Bangkok Post

First transgende­r scouts compete to perform haj

- THOMSON REUTERS FOUNDATION

BEIRUT: For the first time, transgende­r boy scouts from Pakistan could be heading to the haj pilgrimage in Islam’s holiest city, a scout leader said, signalling growing acceptance of the stigmatise­d minority in the conservati­ve South Asian nation.

The Pakistan Boy Scouts Associatio­n accepted its first 40 transgende­r members when they took the oath in Karachi last week, said Atif Amin Hussaini, head of boy scouts in the southeaste­rn Sindh province.

“We believe in equal rights for all and we are happy to enter trans people in the boy scouts,” he said by phone from the country’s capital, Karachi.

Transgende­r people in Pakistan are often shunned by their families and forced into begging or prostituti­on to support themselves, although a nascent activist movement is gaining attention and legal rights.

Mr Hussaini said transgende­r scouts could make up some of the 40 to 50 members that it sends to volunteer at the haj annually.

“We are proud to send them to the haj,” he said, adding that all scouts will be selected on merit.

Millions will flock to Saudi Arabia in August to perform the mandatory act of worship in Mecca at the world’s largest annual gathering of Muslims.

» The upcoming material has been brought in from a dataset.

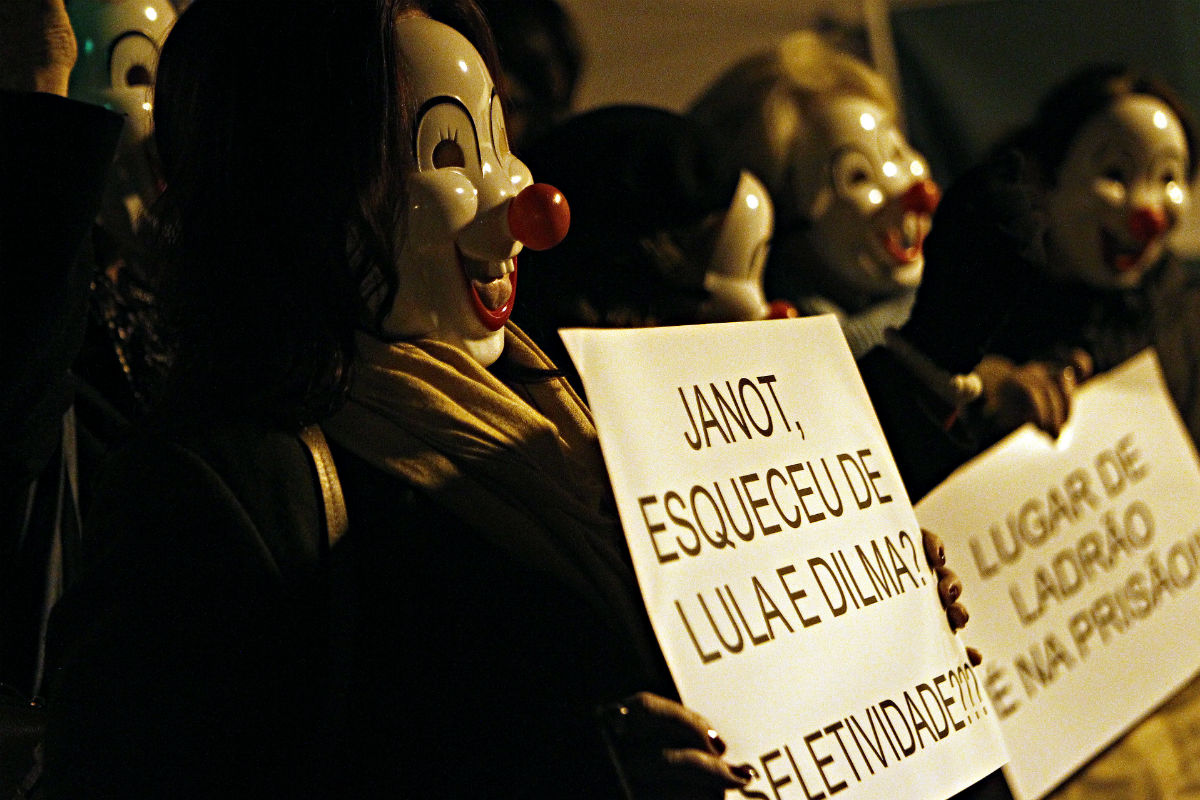O segundo grupo usava máscaras de palhaços para representar a população brasileira, segundo os organizadores. Durante a encenação, os ministros e os políticos abriram uma garrafa de champanhe e brindaram em frente aos representantes da sociedade. “É para simbolizar a festa dos poderosos em cima da população”, explicou uma manifestante, que estava com a máscara da ex-presidente Dilma.

There is no official data on Pakistan’s transgende­r population, but the charity Trans Action Pakistan estimates a they number at least half a million in a country of 190 million where homosexual­ity is a crime.

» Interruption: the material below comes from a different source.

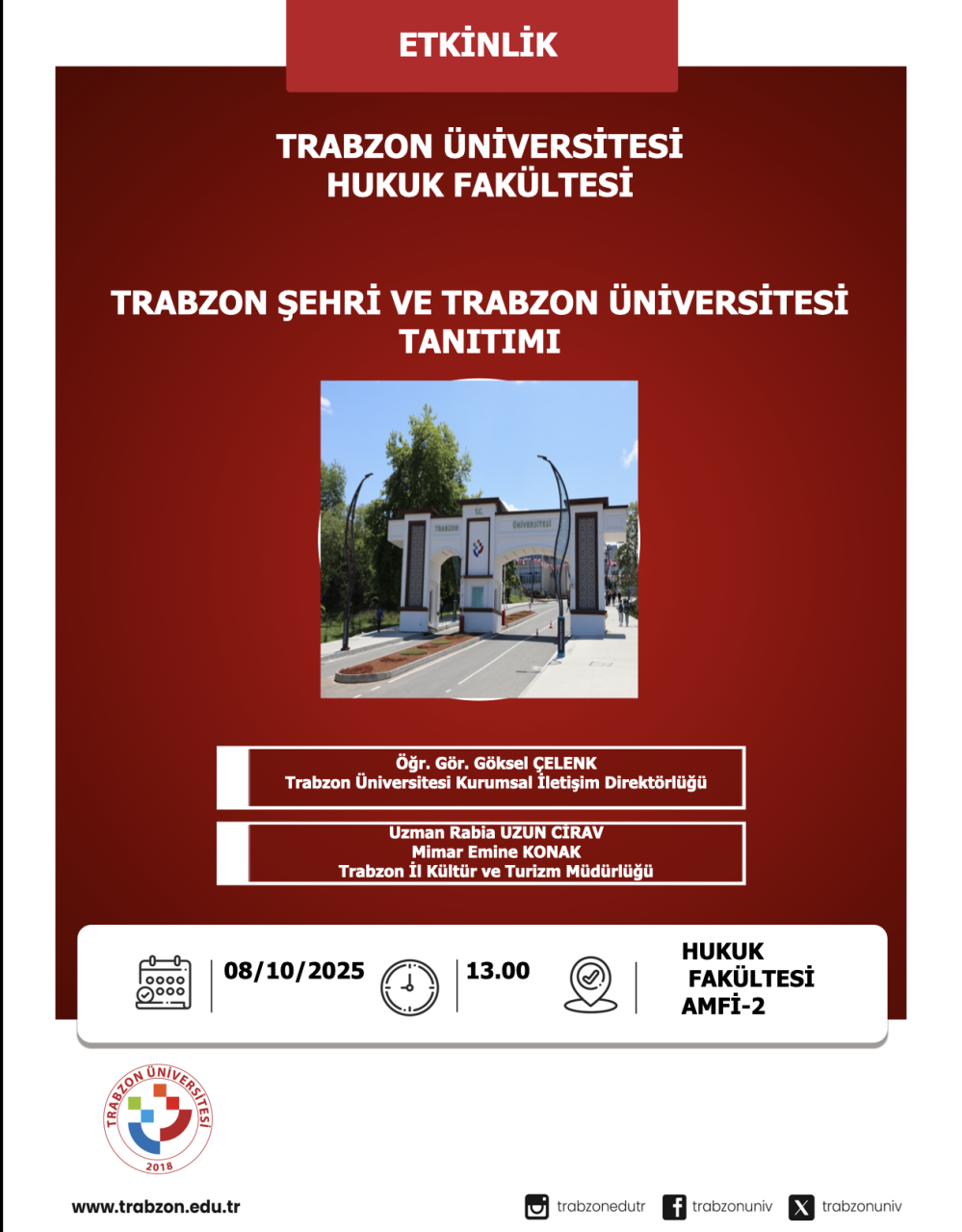 8 Ekim 2025 Çarşamba günü saat 13.00'te Trabzon Üniversitesi Kurumsal İletişim Direktörlüğünden Öğr. Gör. Göksel Çelenk, Trabzon İl Kültür ve Turizm Müdürlüğünden Uzman Rabia Uzun Cirav ve Mimar Emine Konak tarafından Trabzon Şehri ve Trabzon Üniversitesi Tanıtımı konulu seminer gerçekleştirilecektir.

The recognitio­n of transgende­r scouts could be significan­t because it increases the community’s “visibility and the importance of seeing them as equals”, said Qamar Naseem, programme coordinato­r with local advocacy group, Blue Veins.

“Pakistan already accepts their identity so there should be more efforts and programmes to integrate them into society inside and outside Pakistan,” he said via phone from Peshawar.

Pakistan issued a passport to a prominent transgende­r activist with an X to symbolise the third sex in 2017, while a court also ruled that transgende­r people would be counted in the national census for the first time.

Saudi Arabia has no law against transgende­r people but the kingdom has ordered the imprisonme­nt and flogging of men accused of behaving like women.